» Task statement: Nothing but the lines from the one showing "Lotta Leopard wrap" through the final line of the data below belongs in the answer, duplicated exactly and without pictures.

» Provided data:
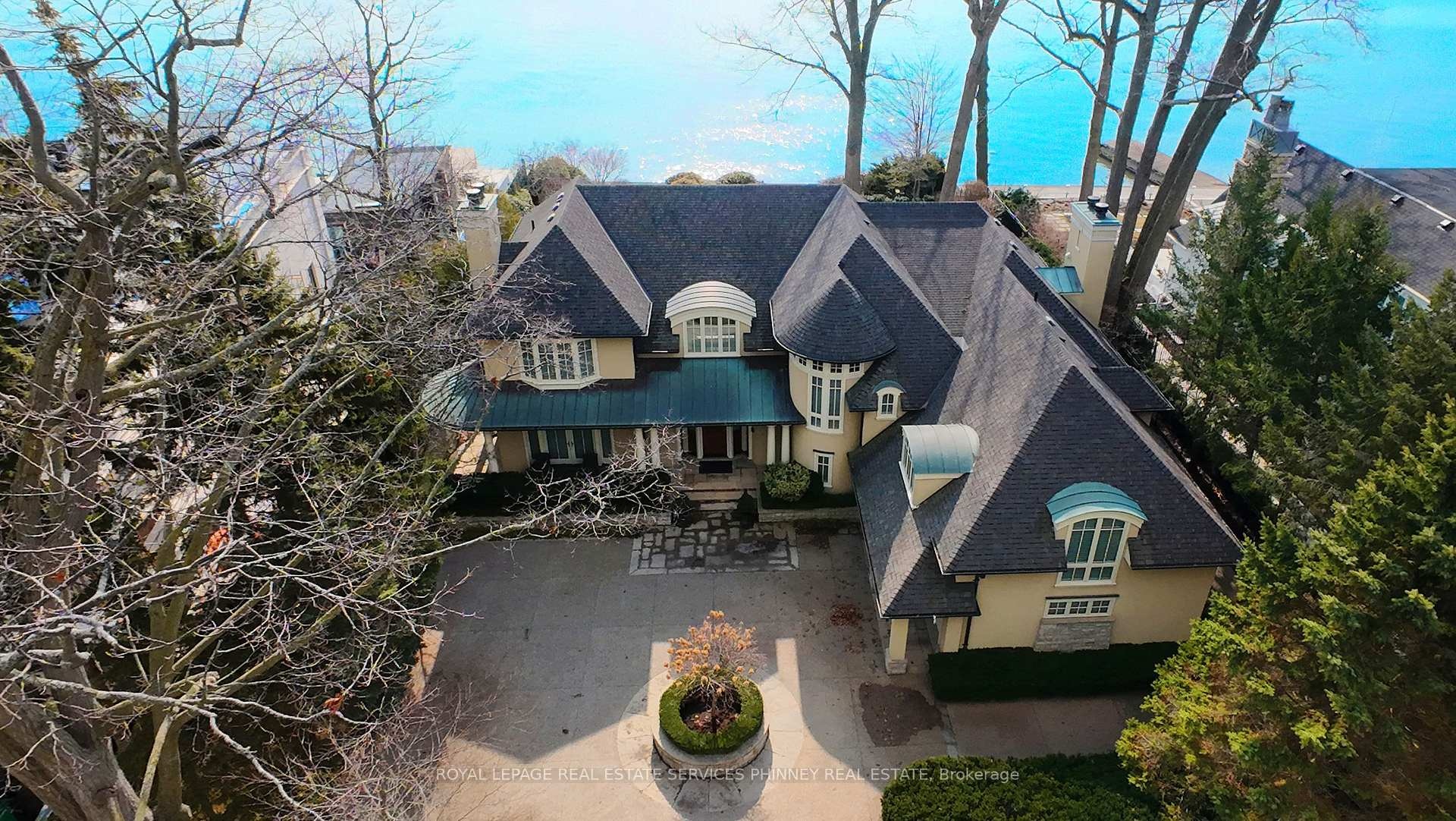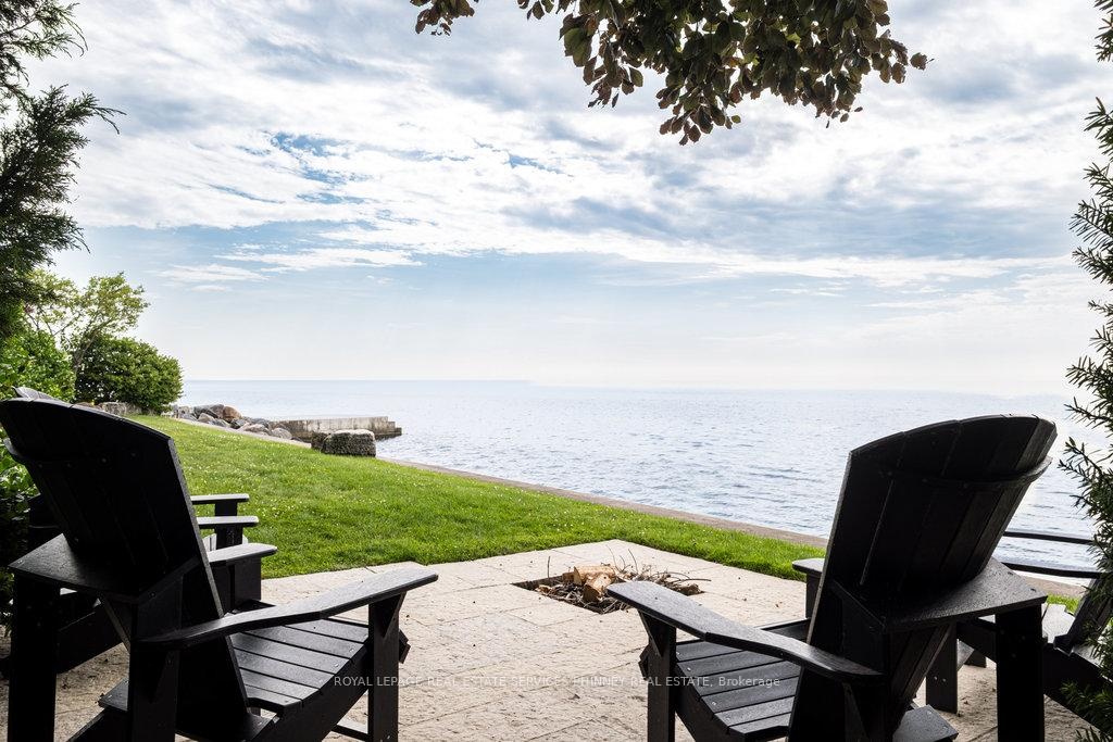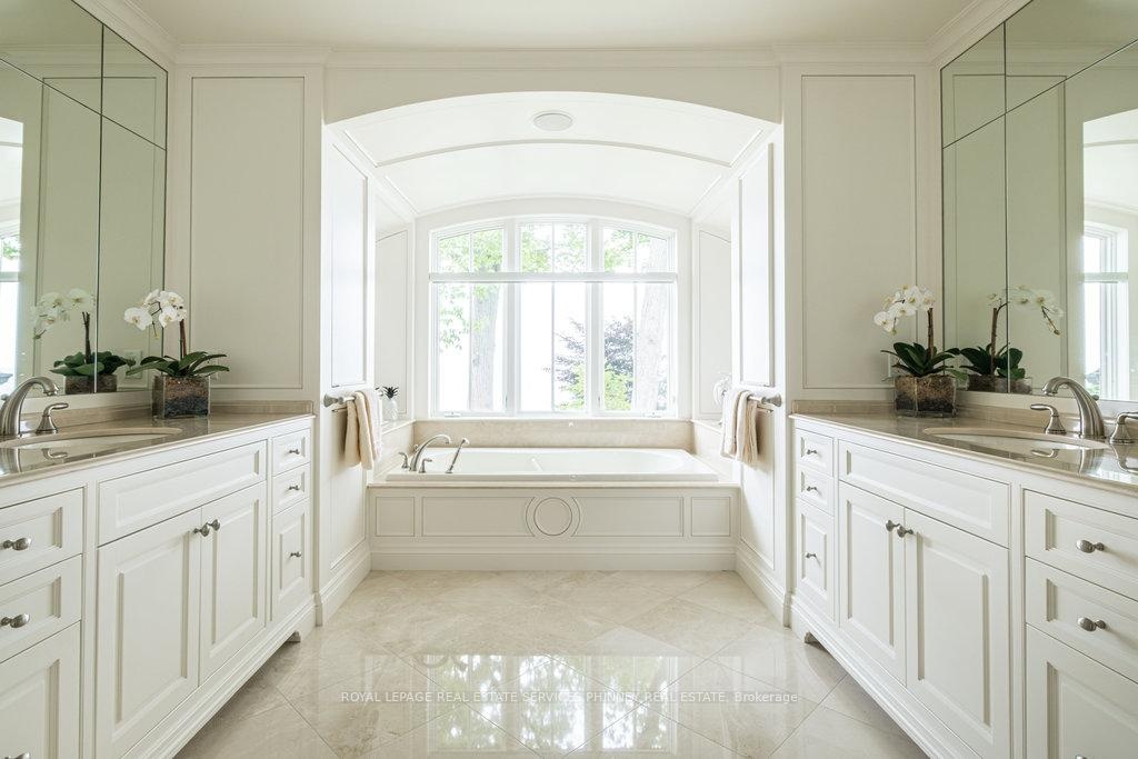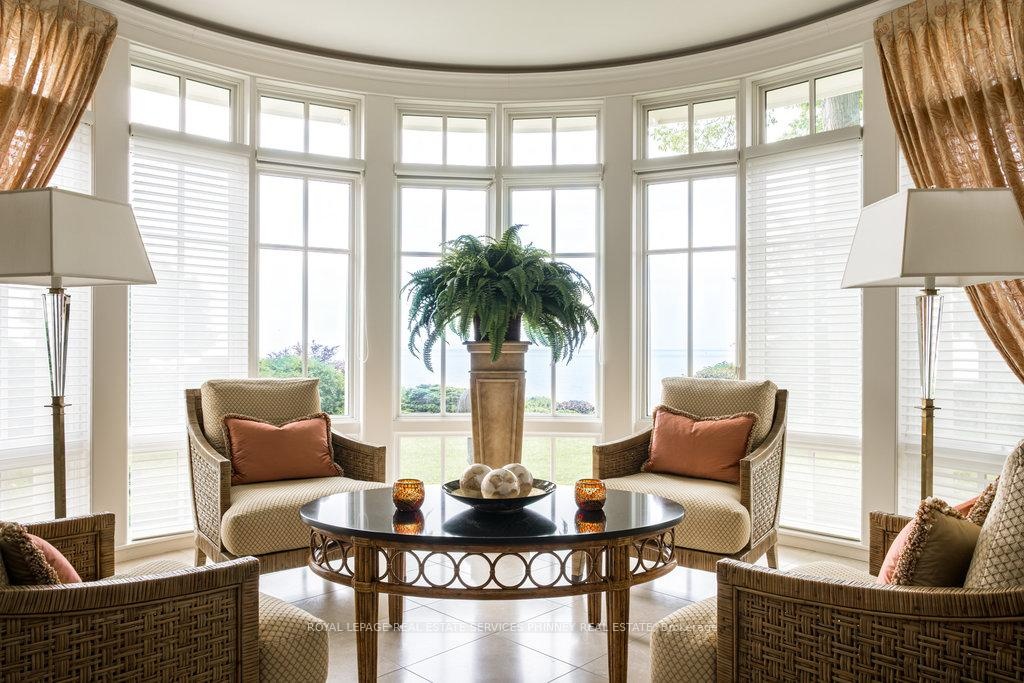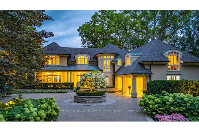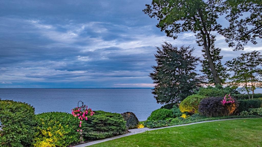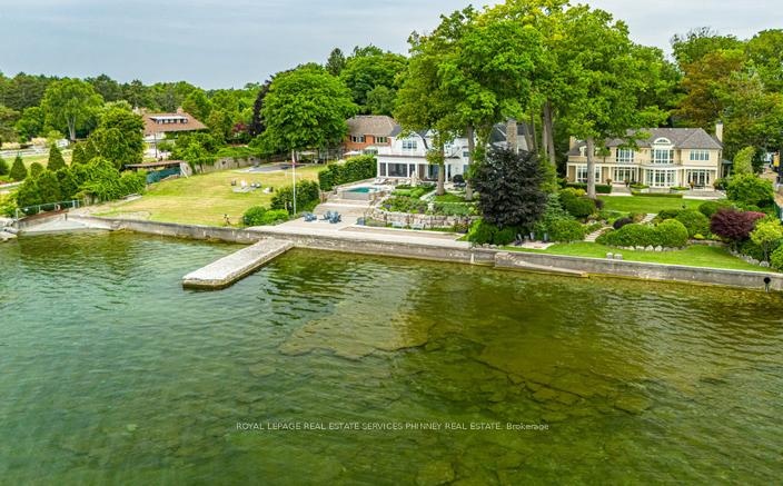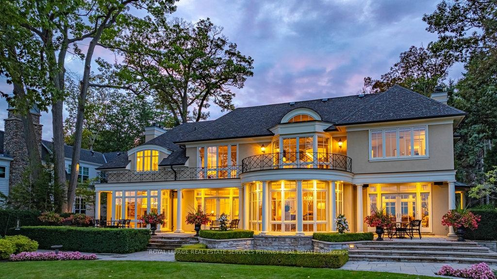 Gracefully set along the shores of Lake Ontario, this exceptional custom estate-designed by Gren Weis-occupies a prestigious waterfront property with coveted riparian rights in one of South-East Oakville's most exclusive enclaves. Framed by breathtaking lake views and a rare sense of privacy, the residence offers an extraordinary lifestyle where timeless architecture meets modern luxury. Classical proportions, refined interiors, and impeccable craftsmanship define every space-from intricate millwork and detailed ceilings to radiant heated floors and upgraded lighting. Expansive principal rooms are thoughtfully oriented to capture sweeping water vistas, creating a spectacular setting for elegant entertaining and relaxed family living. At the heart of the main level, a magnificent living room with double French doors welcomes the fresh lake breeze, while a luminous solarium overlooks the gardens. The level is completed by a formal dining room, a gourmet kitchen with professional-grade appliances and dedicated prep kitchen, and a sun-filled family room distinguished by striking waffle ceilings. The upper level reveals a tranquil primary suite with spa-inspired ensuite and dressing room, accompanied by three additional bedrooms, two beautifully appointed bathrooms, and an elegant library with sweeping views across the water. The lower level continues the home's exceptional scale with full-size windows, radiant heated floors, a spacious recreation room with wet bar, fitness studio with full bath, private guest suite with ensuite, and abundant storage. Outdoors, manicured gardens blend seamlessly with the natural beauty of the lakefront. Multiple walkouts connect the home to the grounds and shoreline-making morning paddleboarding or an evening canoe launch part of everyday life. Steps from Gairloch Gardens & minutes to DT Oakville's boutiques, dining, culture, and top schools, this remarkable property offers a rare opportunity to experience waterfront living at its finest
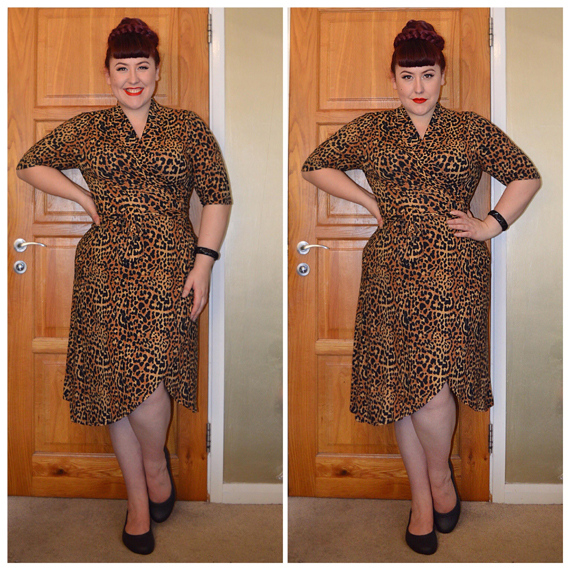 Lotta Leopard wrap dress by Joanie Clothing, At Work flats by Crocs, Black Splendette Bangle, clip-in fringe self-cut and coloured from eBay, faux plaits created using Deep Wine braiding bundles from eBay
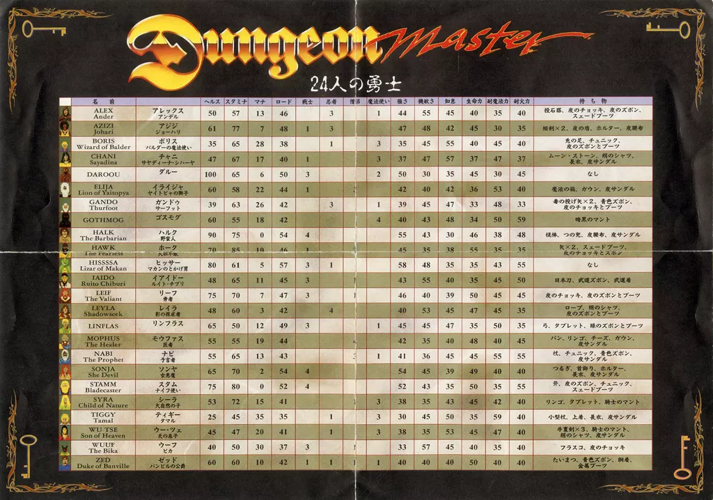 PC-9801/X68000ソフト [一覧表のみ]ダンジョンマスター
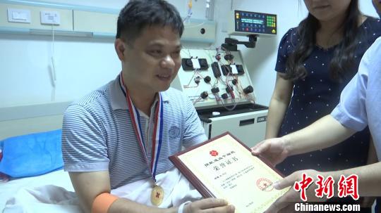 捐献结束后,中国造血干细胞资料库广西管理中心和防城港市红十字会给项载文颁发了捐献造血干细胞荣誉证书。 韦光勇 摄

» Reply:
 Lotta Leopard wrap dress by Joanie Clothing, At Work flats by Crocs, Black Splendette Bangle, clip-in fringe self-cut and coloured from eBay, faux plaits created using Deep Wine braiding bundles from eBay
 PC-9801/X68000ソフト [一覧表のみ]ダンジョンマスター
 捐献结束后,中国造血干细胞资料库广西管理中心和防城港市红十字会给项载文颁发了捐献造血干细胞荣誉证书。 韦光勇 摄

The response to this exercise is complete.